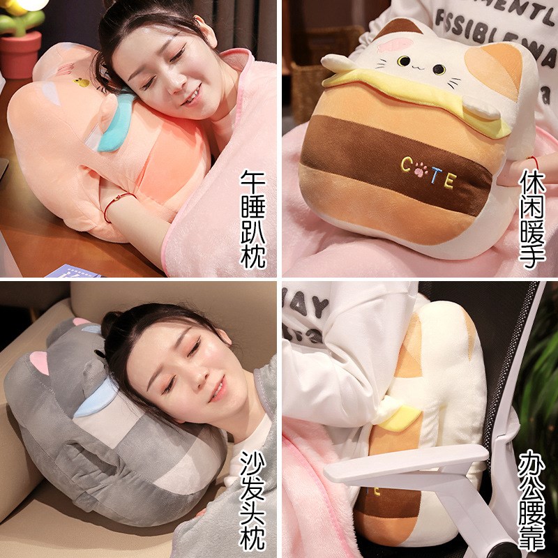 卡通暖手抱枕被子两用q办公室午睡枕空调毯子三用合一汽车车载靠
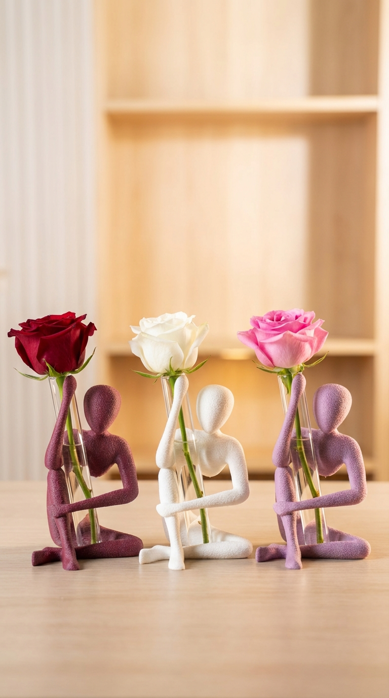 Некоторые подарки говорят без слов. Скульптура «Цветущая Нежность» изображает человека, который бережно держит стеклянную пробирку с цветком. Это метафора ваших чувств: не громкая декларация, а тихая, постоянная забота, которая становится основой для красоты.
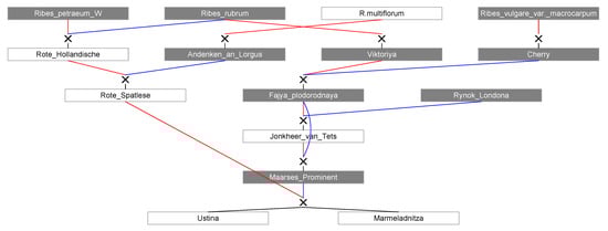 In addition to garden currant (R. vulgare), the pedigrees mention a garden large-fruited variety of currant (R. vulgare var. macrocarpum). In accordance with the pedigrees data, R.vulgare are presented in the pedigree of 15 cultivars: in the 1st generation, there are five cultivars (Gondouin, White cherry, Weisse Hollandische, North Star, Transparent Blanche), in the 2nd generation, there are six cultivars (Red Cross, Batishchevskaya, Shedraya, Niva, Orlovskaya Zvezda, Osipovskaya), and in the third generation, there are three cultivars (Krasnaya Andreichenko, Cascad, Belaya Potapenko) (Figure S4).

--- --- ---

Pictures are to be omitted; otherwise, every line from the first line of the listing through the line containing "Некоторые подарки говорят" must be reproduced exactly, both ends included.

 卡通暖手抱枕被子两用q办公室午睡枕空调毯子三用合一汽车车载靠
 Некоторые подарки говорят без слов. Скульптура «Цветущая Нежность» изображает человека, который бережно держит стеклянную пробирку с цветком. Это метафора ваших чувств: не громкая декларация, а тихая, постоянная забота, которая становится основой для красоты.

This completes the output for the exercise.